Nyatanya? Justru sebaliknya. Tidak sabaran. Emosian. Oh Tuhan, betapa malunya saya. Baju putih yang kupakai ini tidak seputih hatinya.
Mengolah emosi
Meski tahun sudah berganti, namun peristiwa itu masih saja terpendam kuat dalam benakku. Ini pengalaman yang sangat berharga untuk hidupku.
Seperti yang tertulis dalam Kitab Ayub 15: 12, “Mengapa engkau dihanyutkan oleh perasaan hatimu dan mengapa matamu menyala-nyala.”
Tuhan tentu ingin agar kita semua belajar mengolah emosi. Ketika kita tidak mampu mengolah emosi, perasaaan bisa galau.
Pikiran kacau. Mulut meracau. Muka merah. Mata menyala-nyala. Bukan lagi Roh Tuhan yang ada padaku. Tetapi, roh setan merajai hati dan pikiran.
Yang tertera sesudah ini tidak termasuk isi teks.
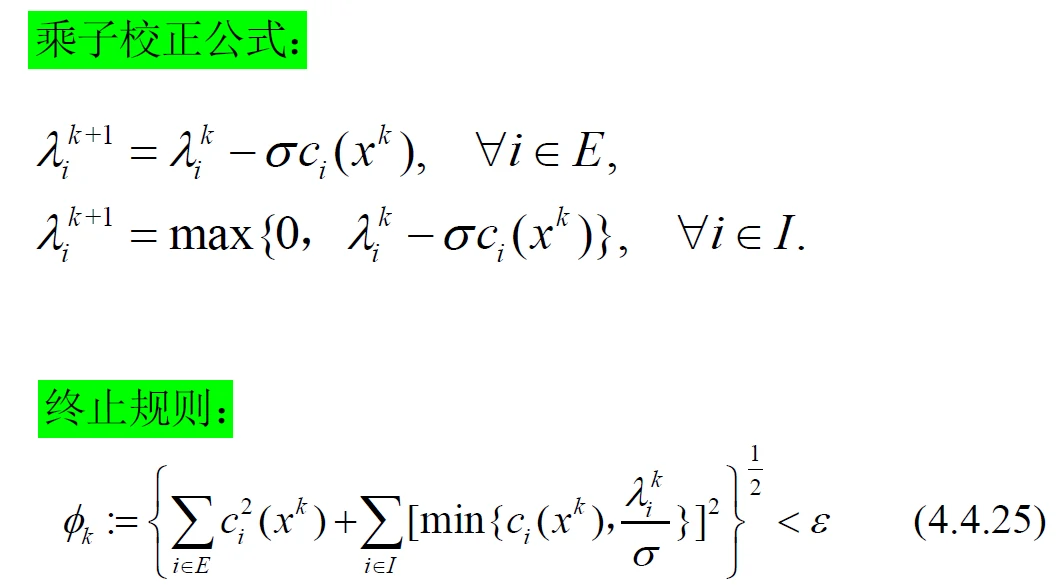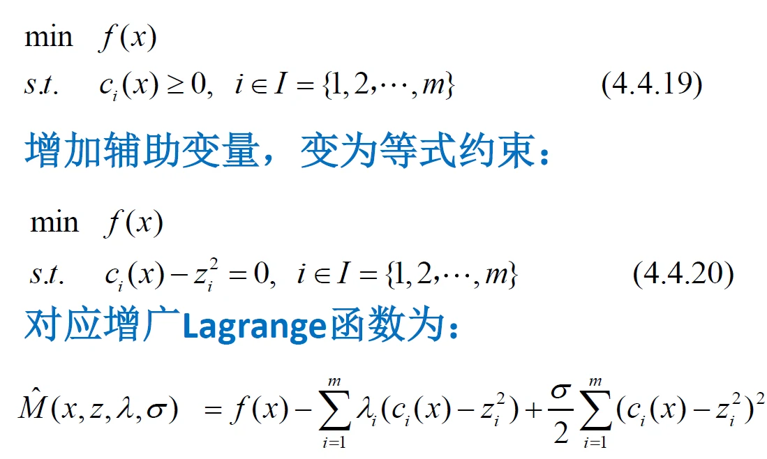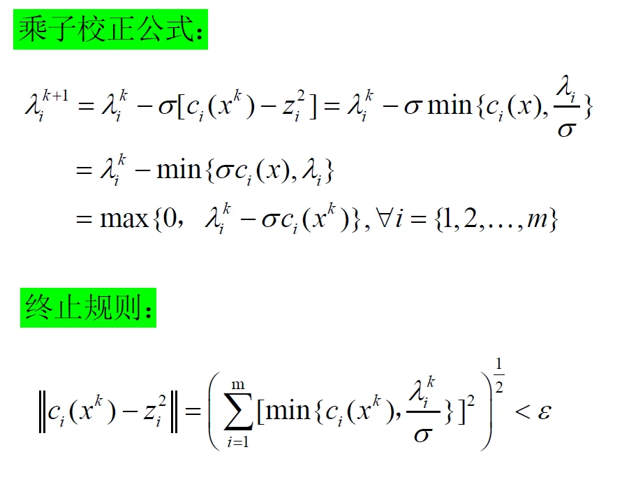 - 不等式约束下的乘子法:先将不等式约束转变为等式约束,再利用等式约束下的乘子法
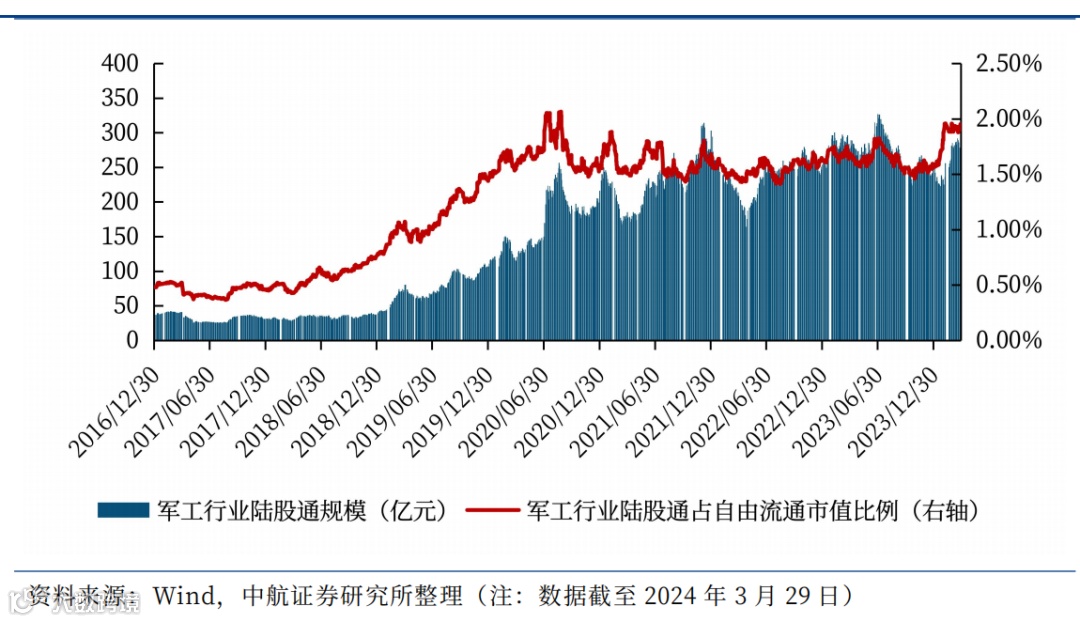 本周,北向资金累计净流出53.81亿元。军工行业陆股通占自由流通市值比例为1.95%,较3月22日环比提升0.06个百分点。
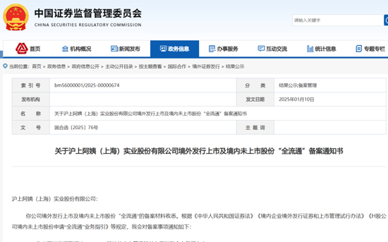 据中国证监会网站,1月10日晚间,中国证监会发布关于沪上阿姨(上海)实业股份有限公司(以下简称沪上阿姨)境外发行上市及境内未上市股份“全流通”备案通知书。

Emosi itu memang pemberian Tuhan. Kita bersyukur memiliki itu. Dengan emosi, hidup menjadi lebih hidup.
Lebih Indah. Karena ada tangis. Tawa. Canda. Amarah. Cemburu. Cinta. Sayang. Memberi pernak-pernik hidup.
Apa jadinya bila hidup kita tak memiliki emosi. Seperti robot. Mummy. Menyeramkan. Hidup akan terasa datar. Kaku. Lurus sepanjang masa. Nah, tinggal bagaimana kita mengendalikan dan mengolah emosi-emosi negatif supaya berdampak positif.
Minta maaf
Kembali saya merenung hidup bapak ojol tadi. Khususnya di masa pandemi ini tahun yang lalu.
Kala itu, pastilah ‘tarikan’ lebih sepi. Penghasilan jauh berkurang. Ketika pulang, bapak ojol harus membawa uang agar anak-isterinya bisa makan. Andai ia pulang tidak membawa uang, bagaimana keluarganya?
Penghasilan sehari untuk makan sehari. Belum lagi ada kebutuhan lain yang juga mendesak.
Ketika saya mau membayar, bapak ojol pergi. Tak mau menerima bayaran. Menurut saya, itu disebabkan bukan karena ia marah karena saya cerewet atau emosi. Tetapi karena ia merasa tidak dapat melayani penumpangnya dengan baik.
Maka, merasa tak pantas untuk dibayar.
Bapak Ojol, betapa mulia hatimu. Engkau tidak memikirkan dirimu saja. Tetapi penumpang yang kau bawa, juga ingin kaubahagiakan lewat pelayanananmu yang tulus.
Maafkan saya, Bapak Ojol.
Terimakasih atas ‘tamparan keras’ yang kau berikan untukku. Saya akan berusaha mengolah emosi negatif yang terkadang muncul tanpa kusadari.
Akan terasa indah bila saya mampu mengolahnya.
“Hai saudara-saudara yang kukasihi, ingatlah hal ini: setiap orang hendaklah cepat untuk mendengar, tetapi lambat untuk berkata-kata, dan juga lambat untuk marah.
Sebab amarah manusia tidak mengerjakan kebenaran di hadapan Allah.” (1 Yakobus 19-20).